Prezydent Rosji Władimir Putin potępił w czwartek atak w Libii, w którym zabito m.in. amerykańskiego ambasadora, i zaapelował do nowych przywódców w państwach arabskich, by poczuwali się do odpowiedzialności za sytuację w swych krajach. Stanowisko w tej sprawie może być tylko jedno - potępiamy tę zbrodnię, składamy kondolencje rodzinom zabitych - powiedział Putin w Soczi dziennikarzom.

Reklama

Zwrócił uwagę, że doszło do zabójstwa dyplomatów, których chronią konwencje międzynarodowe, których życia i zdrowia broni prawo międzynarodowe, i że jeśli ktoś tego nie uznaje, to stawia się nie tylko poza prawem, lecz i poza współczesną cywilizacją.

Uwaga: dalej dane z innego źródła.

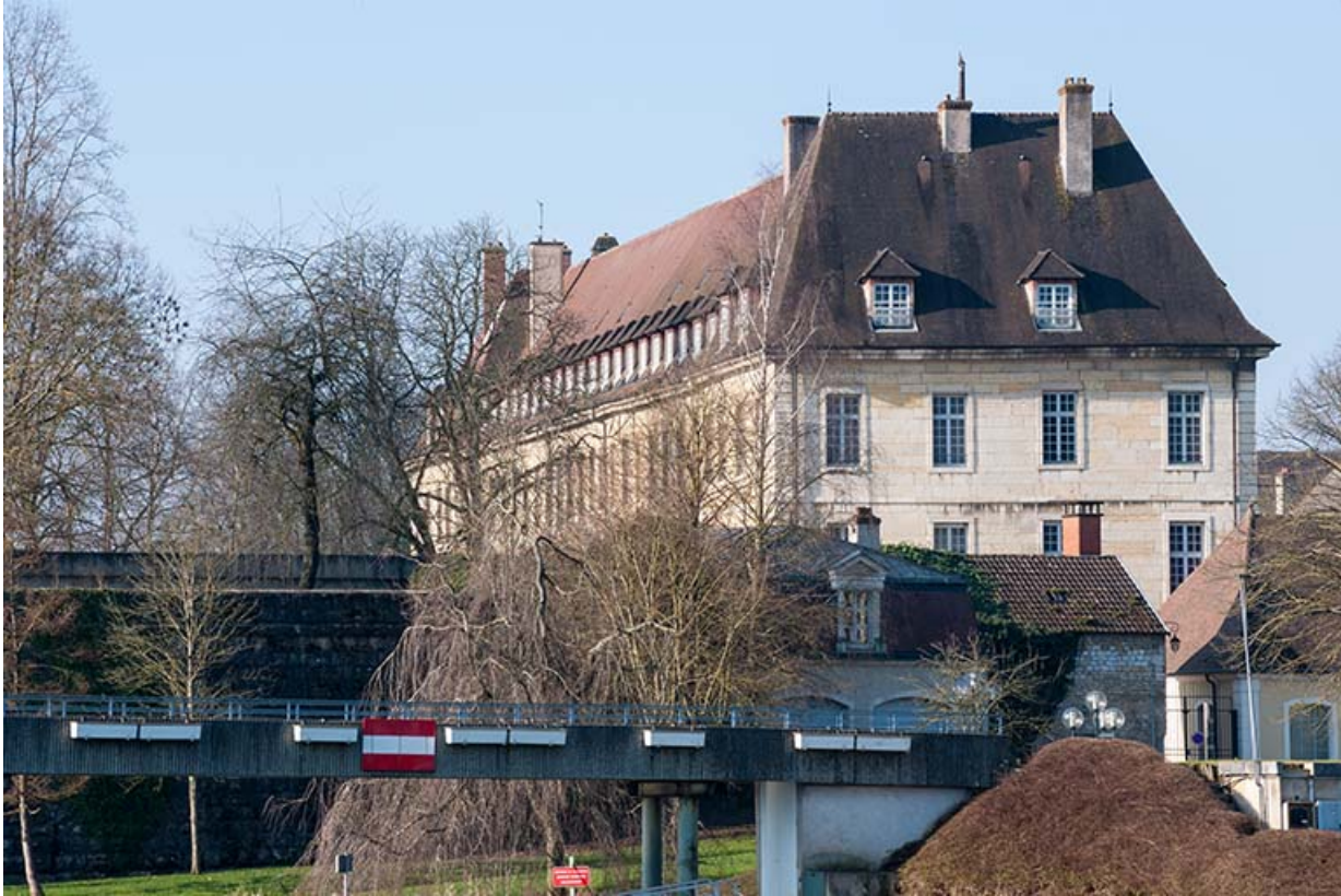
Ancien hôpital de la Charité, actuellement internat, détail des toitures.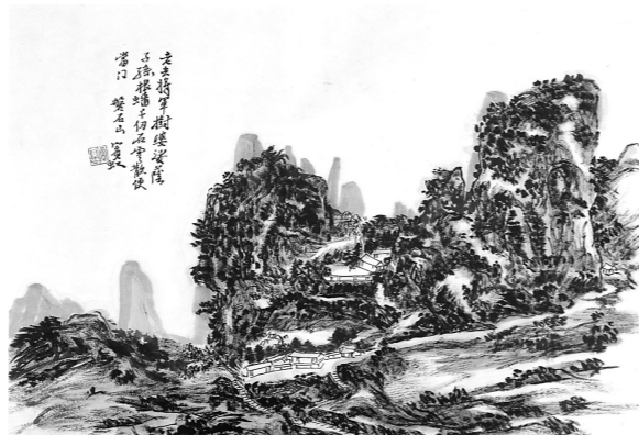
磐石山 (张向明 临)

张向明: 此幅作品所画之山围村,应包括了磐石山、泷中夔、沙梨园等景点,故其山体笼罩较广,房子画得方正宽大,一条黄土大道从画的中部穿过,沿着山脊蜿蜒伸入群山之中,水面空间以及天空等均有悠远之意。远处,巍峨的大容山脉蜿蜒相围;近处,磐石山等数峰高耸,山脚下的村庄不远,一只渡船静泊湖岸边;湖外,是多彩而喧嚣的世界。山围八景的图卷中,只有此幅图卷的水面画了一只小船,它不是隐士垂钓用的小渔船,它是一只渡船。我在深读这幅图卷后,慢慢地感悟到了画家的深意。这只泊岸的渡船,不但是点景之须,更是构成了一种内外联系的无尽张力,象征着山围与外界联系的枢纽作用。山围村,它不是陶渊明所描绘的世外桃源,它是和外界有着紧密联系的人才输送之地。天长日久,小船渡出去或渡进来,不知有多少国内外的学者、军人、骚客文人、商贾僧道、贩夫走卒……而黄宾虹先生于冥冥中也许会觉得,像山围这样人才辈出,山围村,是不会沉没于历史长河之中的。我们再来看看画上的题诗:“斗绝石成寨,周遭山若环;灵源知不远,好作武陵看。”诗中“好作武陵看”一句,正是黄宾虹先生对画面所赋予的遐想。武陵,地处洞庭湖的西部,是历代王朝开发西南的门户,景色秀丽,又是江南闻名的“鱼米之乡”,是古代南北的交通枢纽,又是上溯黔东南,下达苏皖的运输通道。山围的环境,很像武陵的景色,从这里的水路下去,或可通到武陵;从武陵下去,就是苏皖了;而皖地,正是黄宾虹先生的家乡啊。这一幅画,就寄托了黄宾虹先生的精神期盼。冯振先生的题诗为:“万绿千苍拥一村,山环水绕绝尘喧;桃源本是人间世,难得高人把榻论。”山围村虽然有陶渊明描写的桃花源般的气氛与美景,但还是飘散着人间烟火的现实世界,在这样的美景中,如果能与高深学问的人来相互论谈,那该是多么美好的享受啊。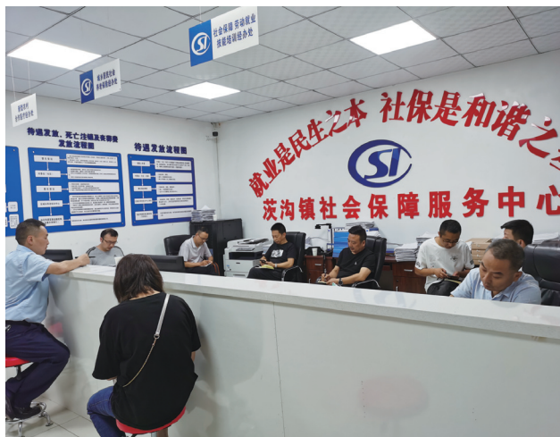
基层政府不只是农村公共服务的提供机构，还是主要的服务资源供应者。

传统公共服务建设过程中，缺少建立能够公开表达农民观点的机制，公共服务建设的推进难以得到民意支持。我国农村人口基数大、流动性强，空心化、老年化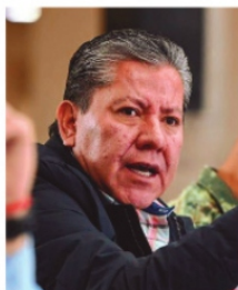
DAVID MONREAL se comprometió con los familiares de desaparecidos.

Familiares de personas desaparecidas o no localizados en Fresnillo, centro de atención del problema que se ha agudizado en los últimos tiempos, fueron escuchados por el gobernador del estado, David Monreal Ávila , quien dio cuenta de las diversas acciones operativas

Prezydent Putin zwrócił się z apelem do nowych władz w państwach, w których zaszły istotne zmiany, by nie zapominały o odpowiedzialności za to, co dzieje się na terenie ich krajów. Bardzo liczę na to, że ta tragedia, która dotyczy nas wszystkich, zachęci wszystkich do zintensyfikowania wspólnej walki z ekstremizmem i groźbami terroryzmu - powiedział Putin.

We wtorek wieczorem w następstwie ataku na konsulat USA w Bengazi zginął amerykański ambasador w Libii i trzej inni pracownicy amerykańskiej placówki dyplomatycznej. Powodem zajść w Bengazi stał się obraźliwy wobec islamu film wyprodukowany w USA.